Ее внутренности сжались от тревоги. Она хотела забрать фотографию и уйти, хотела забыть о крытом мосте, насколько это возможно. Но если снимок не в шкафчике, то где его искать? Она начала закрывать дверь… потом остановилась, поднялась на цыпочки и провела рукой по верхней полке. И даже тогда она едва не пропустила снимок. Каким-то образом один из уголков фотографии зацепился за заднюю часть полки. Поэтому снимок плотно прижался к стенке. Вик вытянулась и прикоснулась к нему, все больше приближаясь к пределу, когда ее рука могла достать его.

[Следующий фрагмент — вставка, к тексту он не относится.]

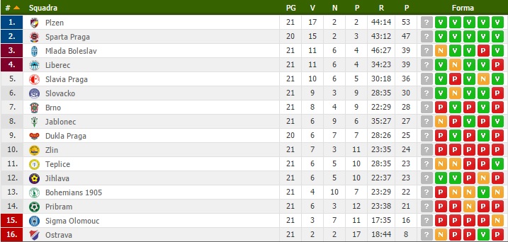 In coda è sempre bagarre: il fanalino di coda Banik Ostrava riesce a portar via un punto da Jablonec con un buon 1 a 1 (reti di Vrastil per gli ospiti al 30′ e Dolezal al 36′), graziato dall’ex Plzen Tecl che fallisce nella ripresa il calcio di rigore concesso ai padroni di casa. Il Sigma Olomouc mantiene il penultimo posto, frutto di una stagione stranissima con buoni risultati in Europa League e il serio rischio di retrocedere in Druha Liga, la seconda divisione ceca, in campionato. Intanto il Vysocina Jihlava approfitta delle sconfitte di Marila Pribram e Bohemians 1905 e espugnando il Juliska Stadion di Praga supera le dirette concorrenti portandosi a 7 lunghezze di vantaggio dalla zona pericolosa. Il Dukla, alla settima sconfitta stagionale, continua a mancare in continuità alternando ottime prestazioni ad altre deludenti.
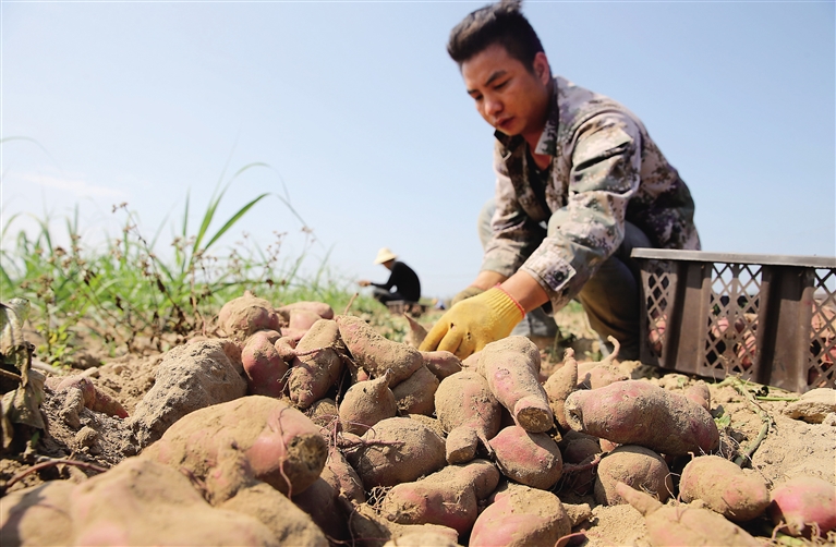 据介绍,海南绿翠生态环境股份有限公司采取“龙头企业+合作社+农户”模式,种植海头地瓜1400亩。政府、公司向周边贫困户免费提供种苗、肥料及技术,并统一按合同价收购。自2016年底海头地瓜上市以来,已从农民手中收购30万斤地瓜。本报记者 苏晓杰 摄

Она зацепила фотографию ногтями, поворочала вперед-назад и высвободила ее. Вик упала на колени, сияя от радости.
– Да! – сказала она и с грохотом захлопнула дверь шкафчика.
Посреди коридора стоял дежурный вахтер – мистер Огли. Он держал в руках швабру и большое желтое ведро. Его взгляд медленно переходил с Вик на ее велосипед и дальше на мост Самого Короткого Пути.

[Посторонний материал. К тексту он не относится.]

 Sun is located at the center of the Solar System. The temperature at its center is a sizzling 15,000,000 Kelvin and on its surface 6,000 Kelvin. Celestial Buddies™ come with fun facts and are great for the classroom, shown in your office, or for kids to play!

Мистер Огли был старым и сгорбленным. В своих очках с золотистой оправой и в галстуке-бабочке он походил на преподавателя больше, чем многие учителя. Старик подрабатывал охранником, и за день до пасхальных каникул он дарил пакетик с желе каждому ребенку, который проходил мимо него. По слухам, мистер Огли устроился в школу, где было много детворы, потому что много лет назад его собственые дети погибли при пожаре. Печально, но эти слухи были правдой, как и тот факт, что мистер Огли сам начал пожар, когда заснул пьяным с зажженной сигаретой в руке. Теперь вместо детей он хранил верность Господу, а встречи в клубе алкоголиков заменяли ему посещения баров. В тюрьме он стал религиозным трезвенником.
Вик посмотрела на него. Он взглянул на девочку в ответ. Его рот открывался и закрывался, словно у золотой рыбки. Ноги сильно дрожали.
– Ты девочка Криса Макквина, – сказал он с сильным нижневосточным акцентом, который стирал букву «в»:
Его дыхание было напряженным. Он держал себя рукой за горло.
– Что это в стене? О господи! Я сошел с ума? Так выглядел мост Самого Короткого Пути, когда мне было семь лет.
Он с натугой закашлял. Это был мокрый и странный удушливый звук, в котором звучало что-то ужасное. Мистер Огли производил впечатление человека с большим физическим недомоганием.
Насколько старым он был? Девочка подумала:
– Все нормально, – сказала Вик. – Не нужно…
Она не знала, как продолжить. Что не нужно? Кричать? Или умирать?
– О, дорогая, – ответил он. – О, дорогая.
Только старик говорил «о-до». Два слога. Его правая рука сильно тряслась, когда он поднял ее, чтобы закрыть глаза. Губы продолжали двигаться.
– Убей меня Господь, мой пастырь. Я не хочу этого видеть.
– Мистер Огли, – попыталась отвлечь его Вик.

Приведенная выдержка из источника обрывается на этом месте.